Exercise description: Would you return exactly the lines below from the line with "Total Dissolved Solids" through the line with "Innowacyjnym rozwiązaniem jest", both included, and nothing else, leaving out the pictures?

Records for processing:
--- START ---

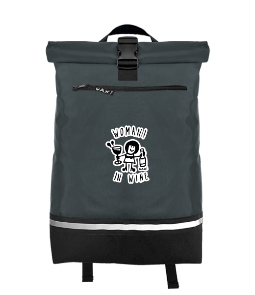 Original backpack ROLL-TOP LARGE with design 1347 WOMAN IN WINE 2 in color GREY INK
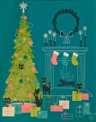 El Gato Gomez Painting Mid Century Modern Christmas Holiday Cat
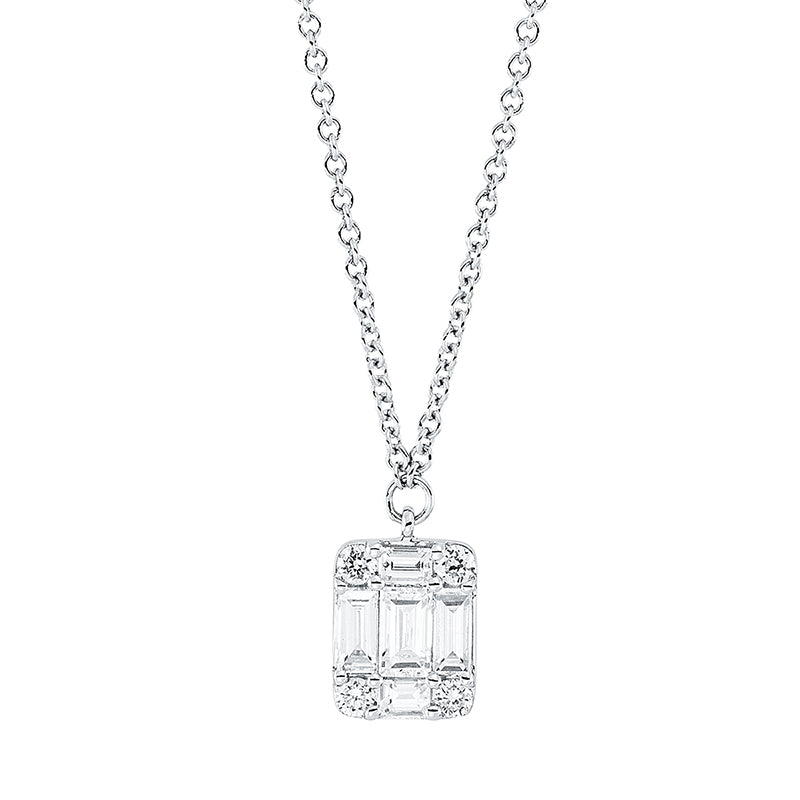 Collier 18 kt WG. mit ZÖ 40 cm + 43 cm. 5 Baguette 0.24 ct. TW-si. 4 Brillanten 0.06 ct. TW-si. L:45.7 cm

--- END ---
--- START ---

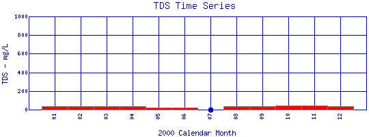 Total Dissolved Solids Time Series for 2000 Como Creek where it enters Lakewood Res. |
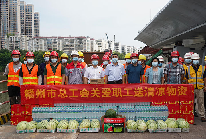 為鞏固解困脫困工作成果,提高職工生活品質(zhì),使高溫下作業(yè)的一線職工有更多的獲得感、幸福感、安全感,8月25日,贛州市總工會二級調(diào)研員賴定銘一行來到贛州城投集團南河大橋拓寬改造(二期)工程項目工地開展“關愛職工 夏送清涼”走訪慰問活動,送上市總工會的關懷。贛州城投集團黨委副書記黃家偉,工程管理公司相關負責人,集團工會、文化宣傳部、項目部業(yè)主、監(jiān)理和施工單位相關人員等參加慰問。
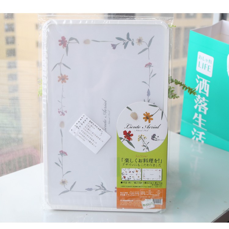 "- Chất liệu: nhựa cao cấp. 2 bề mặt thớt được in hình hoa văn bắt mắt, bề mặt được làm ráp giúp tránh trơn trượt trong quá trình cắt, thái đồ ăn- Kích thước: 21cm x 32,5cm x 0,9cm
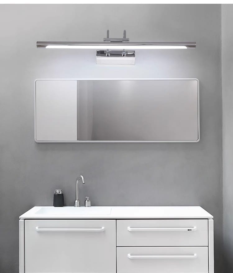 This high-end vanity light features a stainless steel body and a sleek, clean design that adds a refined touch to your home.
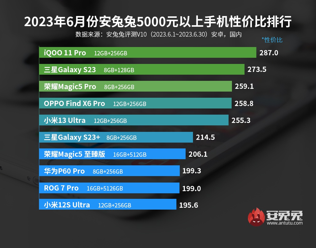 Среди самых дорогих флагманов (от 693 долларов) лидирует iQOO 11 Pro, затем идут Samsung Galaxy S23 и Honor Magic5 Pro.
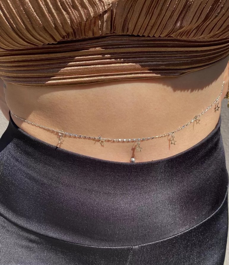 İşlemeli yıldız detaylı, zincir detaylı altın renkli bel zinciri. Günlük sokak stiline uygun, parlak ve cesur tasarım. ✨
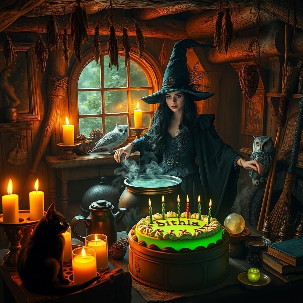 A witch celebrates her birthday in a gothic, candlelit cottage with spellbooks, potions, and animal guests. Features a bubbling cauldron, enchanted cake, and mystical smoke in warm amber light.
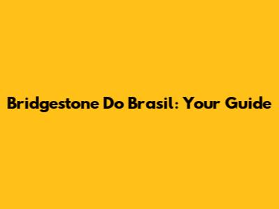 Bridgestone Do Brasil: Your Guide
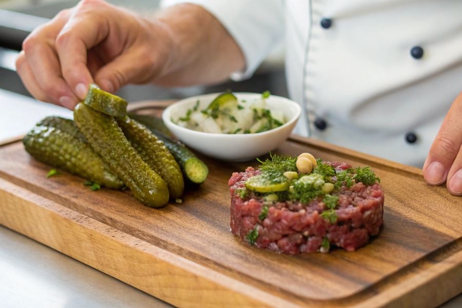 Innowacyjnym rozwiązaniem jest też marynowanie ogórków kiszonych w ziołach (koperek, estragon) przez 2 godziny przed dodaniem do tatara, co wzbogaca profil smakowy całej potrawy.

--- END ---
--- START ---

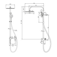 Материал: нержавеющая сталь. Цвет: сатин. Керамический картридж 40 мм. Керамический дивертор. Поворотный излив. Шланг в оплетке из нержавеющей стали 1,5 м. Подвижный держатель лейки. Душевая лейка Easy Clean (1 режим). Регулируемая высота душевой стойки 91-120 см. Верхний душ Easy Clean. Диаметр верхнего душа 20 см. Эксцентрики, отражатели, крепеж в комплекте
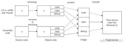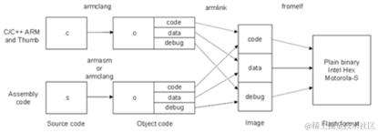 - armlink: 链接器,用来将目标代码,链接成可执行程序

--- END ---

Result of the exercise:
 Total Dissolved Solids Time Series for 2000 Como Creek where it enters Lakewood Res. |
 為鞏固解困脫困工作成果,提高職工生活品質(zhì),使高溫下作業(yè)的一線職工有更多的獲得感、幸福感、安全感,8月25日,贛州市總工會二級調(diào)研員賴定銘一行來到贛州城投集團南河大橋拓寬改造(二期)工程項目工地開展“關愛職工 夏送清涼”走訪慰問活動,送上市總工會的關懷。贛州城投集團黨委副書記黃家偉,工程管理公司相關負責人,集團工會、文化宣傳部、項目部業(yè)主、監(jiān)理和施工單位相關人員等參加慰問。
 "- Chất liệu: nhựa cao cấp. 2 bề mặt thớt được in hình hoa văn bắt mắt, bề mặt được làm ráp giúp tránh trơn trượt trong quá trình cắt, thái đồ ăn- Kích thước: 21cm x 32,5cm x 0,9cm
 This high-end vanity light features a stainless steel body and a sleek, clean design that adds a refined touch to your home.
 Среди самых дорогих флагманов (от 693 долларов) лидирует iQOO 11 Pro, затем идут Samsung Galaxy S23 и Honor Magic5 Pro.
 İşlemeli yıldız detaylı, zincir detaylı altın renkli bel zinciri. Günlük sokak stiline uygun, parlak ve cesur tasarım. ✨
 A witch celebrates her birthday in a gothic, candlelit cottage with spellbooks, potions, and animal guests. Features a bubbling cauldron, enchanted cake, and mystical smoke in warm amber light.
 Bridgestone Do Brasil: Your Guide
 Innowacyjnym rozwiązaniem jest też marynowanie ogórków kiszonych w ziołach (koperek, estragon) przez 2 godziny przed dodaniem do tatara, co wzbogaca profil smakowy całej potrawy.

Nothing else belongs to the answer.